This feature debut about a schoolgirl coerced into small-time smuggling is all the more powerful for shunning high drama

With this elegantly elliptical arthouse movie, Bai Xue announces herself as a cool, confident observer of a new generation of Chinese youth. There are echoes of Sofia Coppola in Bai’s directing debut, a coming-of-age story inspired by real-life criminal gangs in Hong Kong who recruit schoolkids to smuggle mobile phones into mainland China. It’s a wisp of film that never quite gathers speed or force but it gets under your skin, capturing the impulsiveness and impatience of teenagers. Others may find it a little flat or frustrating.

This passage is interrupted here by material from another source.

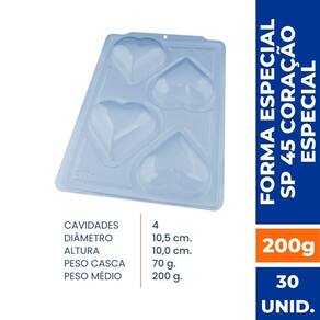 Forma especial com silicone (3 partes), ideal para produção de chocolates com muito mais praticidade e precisão. Possui uma “marquinha” indicando a quantidade necessária de chocolate, levando para geladeira uma única vez. Ela proporciona uma casca uniforme e um acabamento perfeito sempre com o mesmo peso. Abaixo mais informações do produto.

Huang Yao is shy 16-year-old Peipei, who’s frantically saving up for a holiday in Japan with her rich best friend Jo (Carmen Soup). Peipei commutes daily between her home in the Chinese city Shenzhen and school in Hong Kong. To make a little extra money she smuggles for a gang. It begins harmlessly enough, slipping a couple of iPhones wrapped in cling film into her school bag. If stopped by officials at the airport-style security on the metro, she can reasonably claim the phones are for personal use. As Peipei slips between worlds, Bai changes up the camera style, from handheld in busy Hong Kong to still compositions in Shenzhen.